Department of Bioinformatics, School of Biology and Pharmacy, University of Jena, Ernst-Abbe-Pl. 2, D-07743 Jena, Germany.
Biochem Soc Trans. 2010 Oct;38(5):1202-5. doi: 10.1042/BST0381202.
Elementary-modes analysis has become a well-established theoretical tool in metabolic pathway analysis. It allows one to decompose complex metabolic networks into the smallest functional entities, which can be interpreted as biochemical pathways. This analysis has, in medium-size metabolic networks, led to the successful theoretical prediction of hitherto unknown pathways. For illustration, we discuss the example of the phosphoenolpyruvate-glyoxylate cycle in Escherichia coli. Elementary-modes analysis meets with the problem of combinatorial explosion in the number of pathways with increasing system size, which has hampered scaling it up to genome-wide models. We present a novel approach to overcoming this obstacle. That approach is based on elementary flux patterns, which are defined as sets of reactions representing the basic routes through a particular subsystem that are compatible with admissible fluxes in a (possibly) much larger metabolic network. The subsystem can be made up by reactions in which we are interested in, for example, reactions producing a certain metabolite. This allows one to predict novel metabolic pathways in genome-scale networks.

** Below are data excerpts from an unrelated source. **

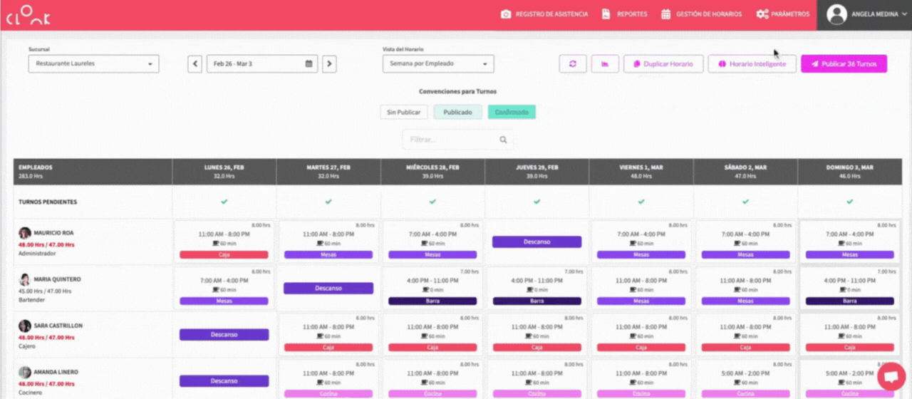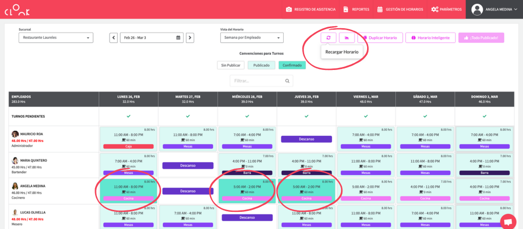 Puedes revisar en el horario los turnos que tus empleados van confirmado, haciendo clic en el botón de "recargar horario". Los turnos que han sido confirmados, cambian a un color verde oscuro y su estado pasa a "confirmado".
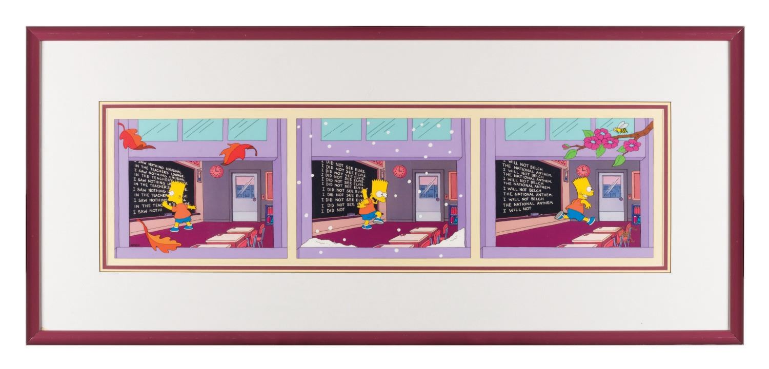 (Fox, c.1990s) A hand-painted limited edition cel featuring three scenes from the opening of "The Simpsons". The edition, titled "Blackboard Jungle" was originally released in an edition size of 300 pieces. This particular piece is one of 12 artists' proofs and is numbered 3/12 in the bottom left-hand corner. The piece is part of a limited edition, produced to a quantity of 300. The cel has a viewable image size of 9"x32" within an 18.5"x41.5" frame, with COA included, and is in fine condition. The frame is scratched and scuffed and has been retained only to protect the cel.
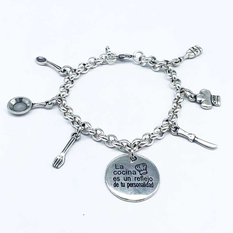 Pulsera Profesiones 2-Encadenada fina + abalorios cocina + med. Grande
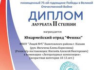 Поздравляем юнармейский отряд «Феникс» лауреатов 2 степени Республиканского конкурса !. В начале ноября вГДДТ им. А. Алиша прошел Республиканский конкурс-фестиваль «Патриоты России!», посвященный 75-ой годовщине Победы в Великой Отечественной войне, на котором юнармейский отряд «Феникс» нашего Лицея представил Литературно-музыкальную композицию «Казань-город трудовой славы!». Жюри высоко оценило выступление ребят, присудив им 2 место.
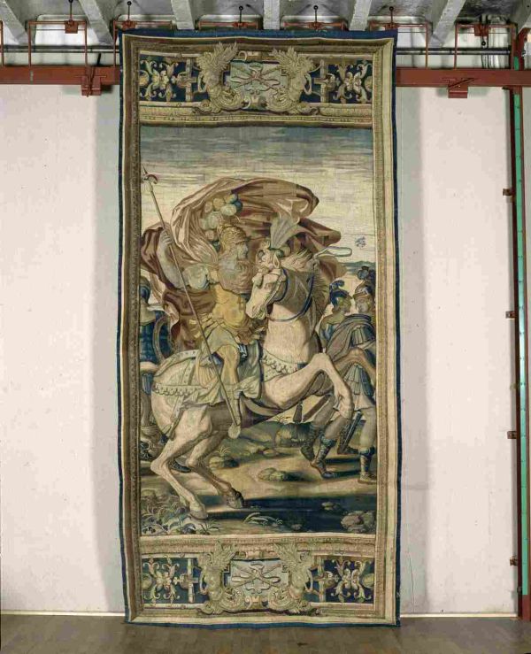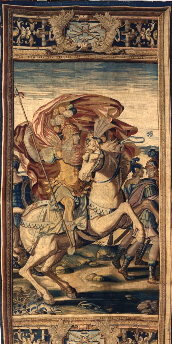 Coriolan est représenté sur sa monture, la lance dans la main gauche posée sur le pied. Il se dirige vers la droite, son manteau gonflé par le vent. Quelques soldats à l'arrière-plan. Bordure à cartouches sur fond brun. Huit pièces portent des cartouches à fond d'or avec grisailles. Sur quatre, aux quatre coins, un fond rouge avec des mufles de lion, et quatre dans les milieux, un fond bleu avec des H, deux sceptres et une épée croisés. La banderole qui attache les sceptres en sautoir porte la devise Duo protegit unus.
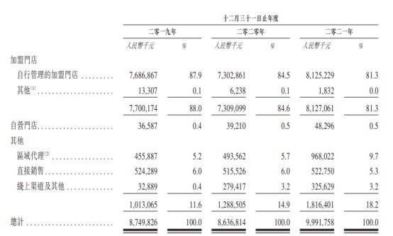 从招股书看来,各加盟店也为公司带来了不错的收益。于报告期内,来自加盟门店的收入分别76.87亿元、73.03亿元及81.25亿元,收入占比超80%。
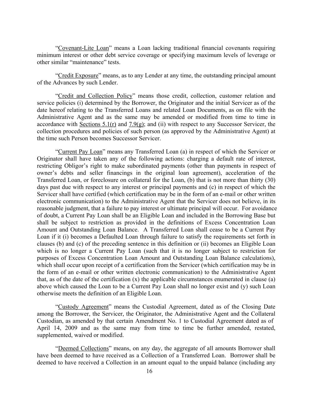 “Covenant-Lite Loan”是指缺乏传统金融契约要求最低利息或其他偿债覆盖范围或指定最高杠杆水平或其他类似“维持”测试的贷款。“信贷敞口”是指,就任何贷款人而言,在任何时候,该贷款人的垫款未偿还本金金额。“信贷和催收政策”是指借款人、发起人和初始服务商于本协议日期确定的与转让贷款和相关贷款文件有关的信贷、催收、客户关系和服务政策(i),如在行政代理人处存档,并可能根据第5.1(r)和7.9(g)条不时修订或修改;以及(ii)就任何继任服务商而言,该人(经行政代理人批准)在该人成为继任服务商时的催收程序和政策。“流动支付贷款”是指任何转让的贷款(a),服务人或发起人应已就其采取以下任何行动:收取违约利率、限制债务人进行次级付款的权利(原始贷款协议中关于所有者债务和卖方融资的付款除外)、加速转让的贷款或取消对贷款抵押品的赎回权,(b)就任何利息或本金付款逾期不超过三十(30)天,以及(c)就该等利息或本金付款,服务人须已向行政代理人证明(该证明可采用电子邮件或其他书面电子通讯的形式)服务人在其合理判断中认为不会发生未能支付利息或最终本金的情况。为免生疑问,流动支付贷款应为符合条件的贷款,并纳入借款基数,但应受到超额集中贷款金额和未偿还贷款余额定义中规定的限制。转让的贷款,如果(i)因未能满足本定义中前一句(b)和(c)条规定的要求而成为违约贷款,或(ii)成为不再是当期支付贷款的合格贷款(从而不再因超额集中贷款金额和未偿还贷款余额计算而受到限制),即不再是当期支付贷款,这种情况应在收到服务人向行政代理人发出的证明(该证明可以是电子邮件或其他书面电子通信的形式)时发生,即自证明之日起(x)上述(a)条中列举的导致贷款为当期支付贷款的适用情况将不复存在,并且(y)该贷款在其他方面符合合格贷款的定义。「托管协议」指由借款人、服务人、发起人、行政代理人及抵押保管人于截止日签署的托管协议,该协议经日期为二零零九年四月十四日的托管协议的第1号若干修订修订修订,并可能不时进一步修订、重述、补充、放弃或修改。“视为收款”是指,在任何一天,借款人应被视为已收到的所有金额的总和为已转让贷款的收款。借款人应被视为收到了金额等于未付余额的催收(包括任何16
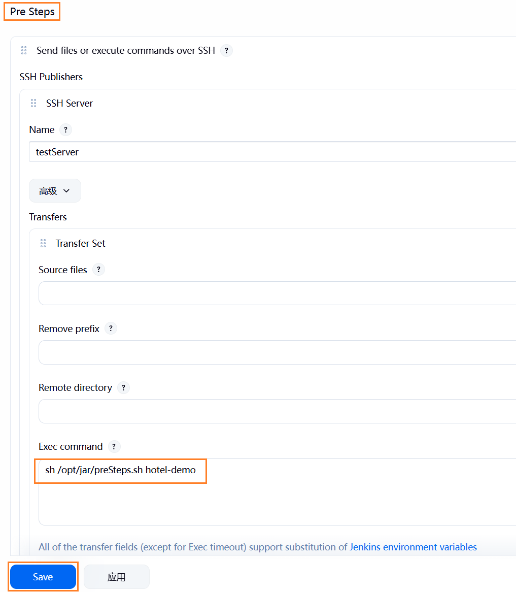 (1)如果按照上述配置,多次构建时由于之前的 jar 包还在运行,因此会出现由于端口号冲突而发布失败的问题。因此在自动化发布前需要杀死之前运行的进程,即进行配置构建前操作 (Pre Steps):

元模式分析已成为代谢途径分析中一种成熟的理论工具。它允许将复杂的代谢网络分解成最小的功能实体,可以将其解释为生化途径。在中等规模的代谢网络中,这种分析成功地预测了迄今未知的途径。例如,我们讨论大肠杆菌中磷酸烯醇丙酮酸-乙醛酸循环的例子。元模式分析在系统规模增加时遇到了途径数量的组合爆炸问题,这阻碍了将其扩展到全基因组模型。我们提出了一种克服这一障碍的新方法。该方法基于元流模式,它被定义为一组反应,代表与(可能)更大的代谢网络中允许通量相容的特定子系统的基本途径。子系统可以由我们感兴趣的反应组成,例如产生特定代谢物的反应。这允许在全基因组网络中预测新的代谢途径。